John wove the rope in on itself, started knotting up something that looked disturbingly like a macramé diaper. He jerked on a knot hard, cinching Randy’s legs together tight enough at the high thigh to make him belatedly grateful his junk was iced to a near-numb.
"You know what you’re doing there?" Randy asked.
John glanced at him, said, "Sure hope so," with just a ghost of a smile.
"You and me both," Randy agreed. Then, because he wasn’t quite sure what else to say to a man who was being more intimate with his anatomy than anyone who wasn’t a woman had ever been, he added, "My name’s Randy, by the way. Probably ought to know that, I guess … all things considered."

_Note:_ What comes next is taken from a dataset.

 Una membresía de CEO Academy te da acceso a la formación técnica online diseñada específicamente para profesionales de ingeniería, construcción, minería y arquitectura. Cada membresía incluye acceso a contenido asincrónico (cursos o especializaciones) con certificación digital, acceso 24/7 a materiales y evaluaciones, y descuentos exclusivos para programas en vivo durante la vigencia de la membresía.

John chuckled. "What happens at the bottom of a well stays at the bottom of the well, Randy."
Randy grunted. He watched John work for several more seconds before asking, "So … I take it you know something about those things that dumped us down here?"
"You mean the furry bitches with the tails and tongues?" John asked without looking up.
"Yeah."
"We’ve met."
Randy nodded. Waited. Then, when John didn’t offer anything more, he asked, "So what in the hell are they?"

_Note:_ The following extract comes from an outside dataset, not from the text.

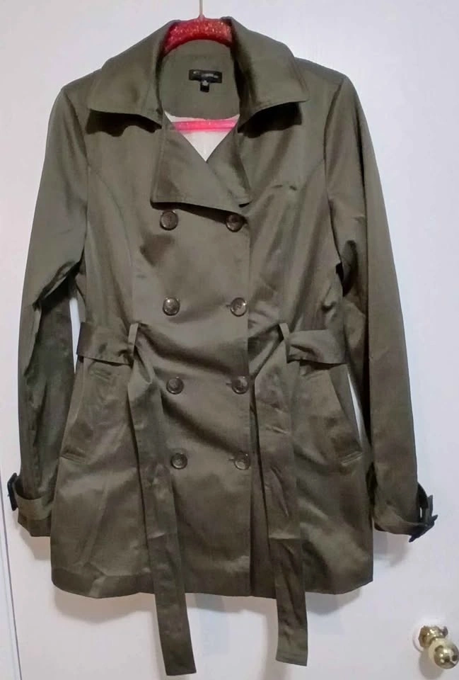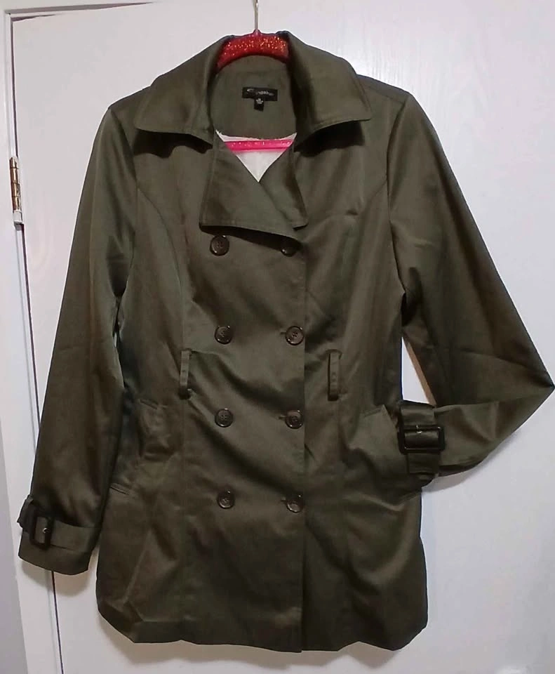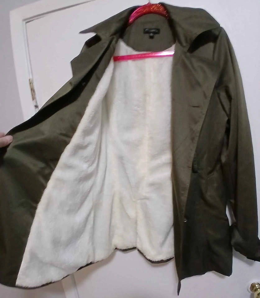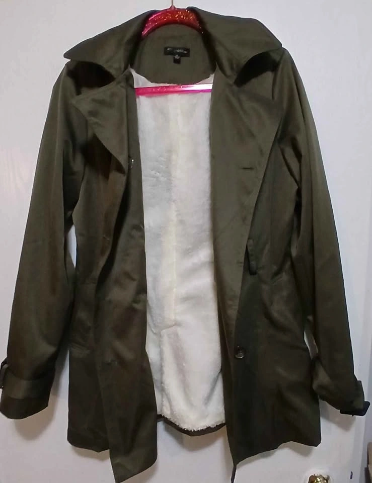 π₯π₯π₯A double-breasted, olive green, with Sherpa lining. The outside of the coat has a satin Lake scene to it, making it perfect for anything from casual to more formal wear.

"You’re better off not knowing," John said.
That answer pissed Randy off. Pissed him off more than it probably should have, given how much John had already done for them. But he was better off not knowing what invaded his house and tried to steal his kid? Fuck that.
"Those things crawled down my chimney and grabbed my kid out of his own bed," Randy pointed out tersely. "I think I’ve got a right to a few answers, don’t you?"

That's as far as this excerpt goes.